-------- Records for this exercise
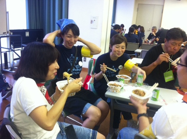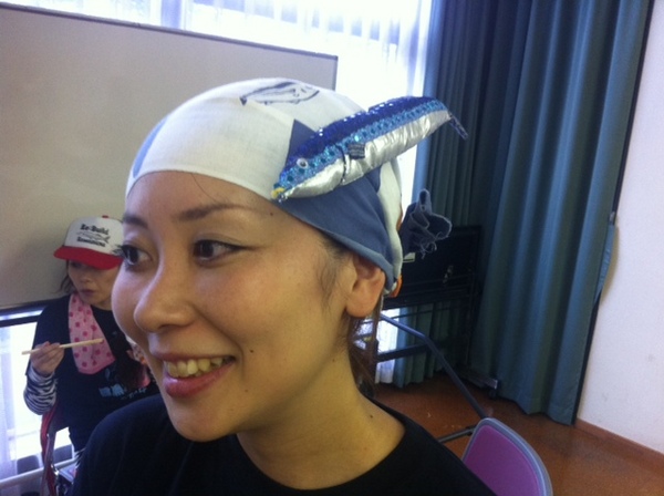 ほぼ日乗組員も揃いました! 働く前にまずは腹ごしらえをしないと、ね。 ということで朝食中です。 朝ごはんを嬉しそうに食べる 乗組員達、 食べた分だけ働くんだぞ! さゆみちゃんが頭につけている さんまバッジかわいいなー。 ほしいなー。
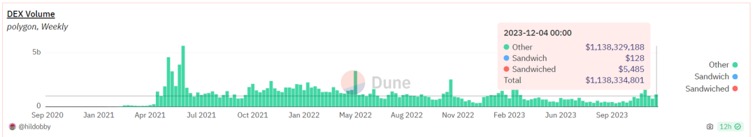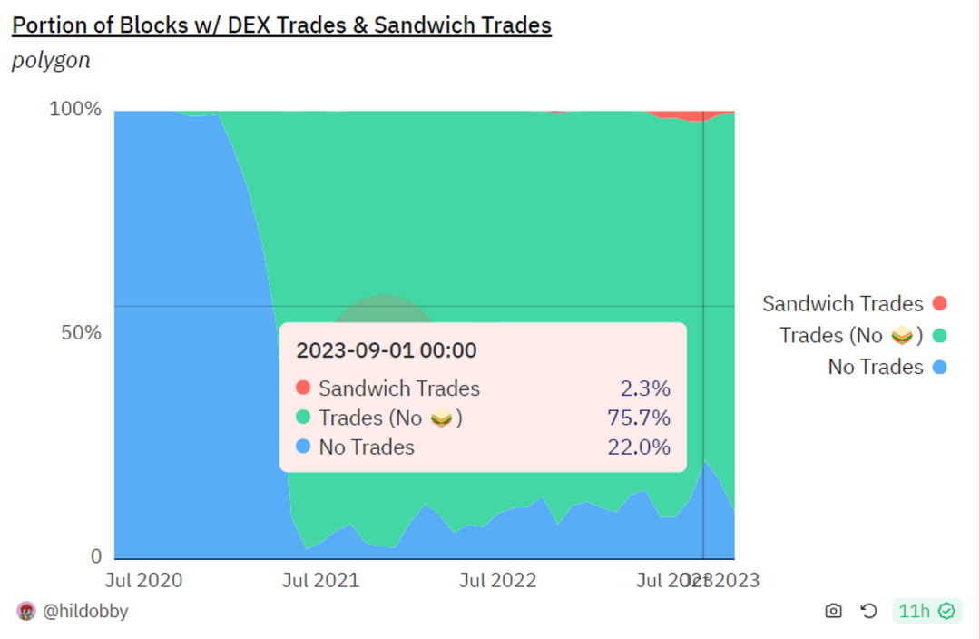 Polygon上的三明治攻击相对较少,大多数时间低于1%。在今年9月份,它达到了大约2.3%的峰值。基于交易量来看,受三明治攻击影响的交易量非常低。
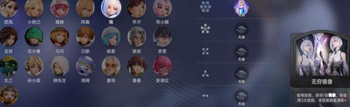 除班叔之外,在万象棋中另一个有内涵的棋子就是镜。她所体现出的核心机制不是简单的复制,而是在镜像的基础上创建出一套战术复用的体系。利用无穷镜像技能,她可以以能量消耗递增的方式,把当前打出的英雄牌换成上一轮用过的同名卡牌,使关键单位连续登场。她买英雄的时候会自动获得镜像层数,被动增益使她在搜卡阶段就处于有利地位。对喜欢灵活变阵、根据形势随时调整战术的玩家来说,镜的高机动性以及应变能力就是最大的亮点。
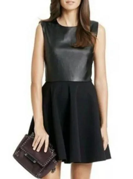 Diane Von Furstenberg Jeannie Sleeveless Leather Combo Mini Dress Black Womens 6
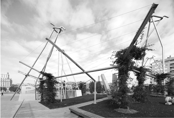 Blas Infante square: The proposal represents and symbolizes the new centrality that Blas Infante Square offers in a contemporary way. The project is developed from the duality of the two scales that are mixed: the scale of the neighborhood, immediate environment, and a larger size, the city and its historic center. Conformance with the district of Cap-Pont and relationship to the historic center. For the use and immediate environment has been created a neighborhood place, a place of rest, leisure, neighborhood relationship, with shade and benches, playgrounds, grass and floral vegetation following the route of the pergola as protection for the summer.
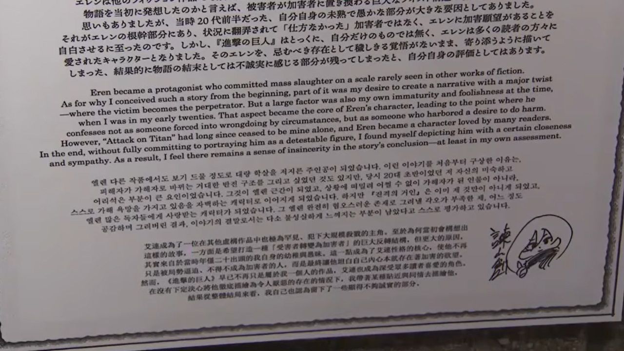 Po raz pierwszy od 3 lat odświeżono wystawę w muzeum Attack on Titan w mieście Hita. Pojawiło się tam 26 nowych tabliczek, a na jednej z nich znalazł się komentarz Isayamy, który okazuje się być swoim największym krytykiem i zarzuca sobie, że w finale jego największego dzieła znalazła się „nuta nieszczerości”. Twierdzi, że przez to, jak pod wpływem popularności serii nieco zmienił swoje podejście do Erena, pod koniec serii przedstawiając go z pewną dozą sympatii, wkradła się tam nuta nieszczerości.
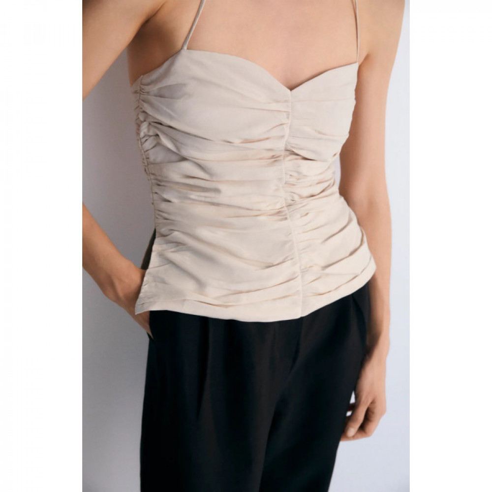 Топ Eros поєднує в собі елегантність і комфорт у гарному дизайні, виготовленому із суміші м’якого льону та віскози. Цей топ із бічними зборками та отвором на подолі для приємного силуету доповнений тонкими регульованими лямками, які зав’язуються навколо шиї для індивідуальної посадки. Бічна невидима блискавка забезпечує бездоганну обробку, що робить його ідеальним доповненням до вашого гардеробу як для повсякденних, так і для більш ошатних випадків. Невибагливий шик, топ Eros є вічним продуктом для витонченого, але невимушеного образу.
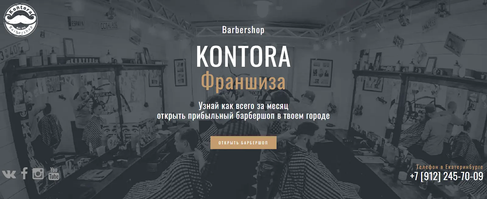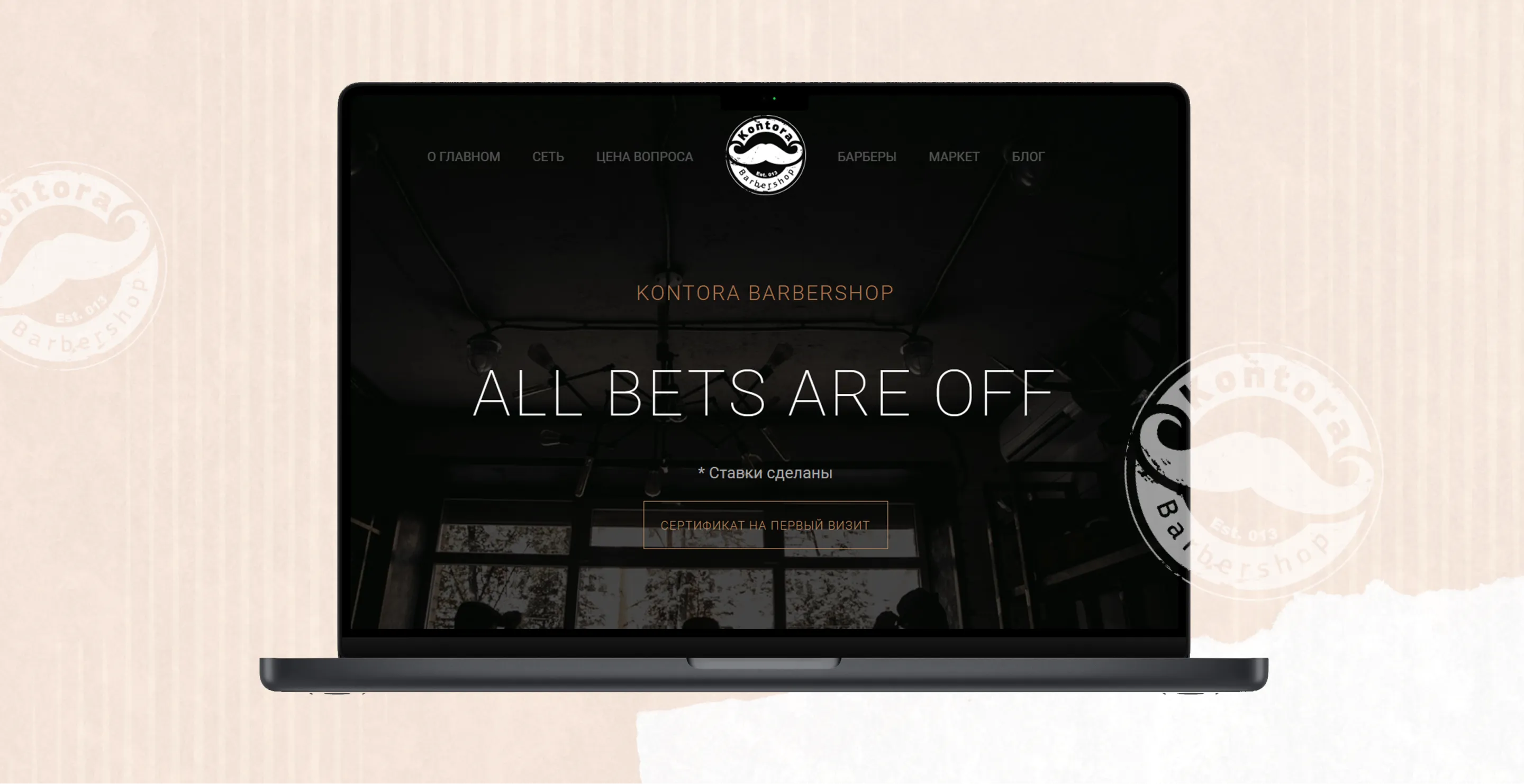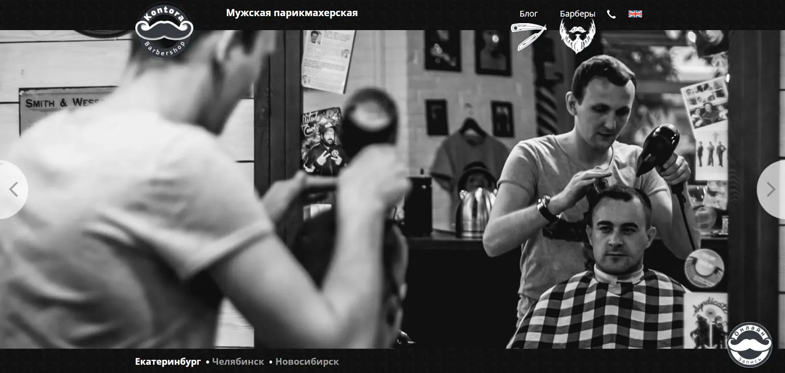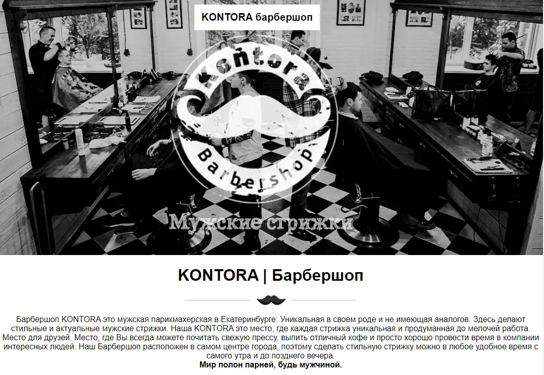 Мы подключились к проекту в марте 2016‑го. На тот момент KONTORA уже успела запустить филиалы в Екатеринбурге, Челябинске и Новосибирске. У них был сайт, но по сути это был одностраничный лендинг: логотип, несколько фотографий, список барберов и форма заявки. Такой ресурс нельзя было полноценно продвигать.
----------------
(Activity) Starting from the first line of the listing above, write out every line exactly through the one containing "Diane Von Furstenberg", and drop the pictures.

(Exercise output)
 ほぼ日乗組員も揃いました! 働く前にまずは腹ごしらえをしないと、ね。 ということで朝食中です。 朝ごはんを嬉しそうに食べる 乗組員達、 食べた分だけ働くんだぞ! さゆみちゃんが頭につけている さんまバッジかわいいなー。 ほしいなー。
 Polygon上的三明治攻击相对较少,大多数时间低于1%。在今年9月份,它达到了大约2.3%的峰值。基于交易量来看,受三明治攻击影响的交易量非常低。
 除班叔之外,在万象棋中另一个有内涵的棋子就是镜。她所体现出的核心机制不是简单的复制,而是在镜像的基础上创建出一套战术复用的体系。利用无穷镜像技能,她可以以能量消耗递增的方式,把当前打出的英雄牌换成上一轮用过的同名卡牌,使关键单位连续登场。她买英雄的时候会自动获得镜像层数,被动增益使她在搜卡阶段就处于有利地位。对喜欢灵活变阵、根据形势随时调整战术的玩家来说,镜的高机动性以及应变能力就是最大的亮点。
 Diane Von Furstenberg Jeannie Sleeveless Leather Combo Mini Dress Black Womens 6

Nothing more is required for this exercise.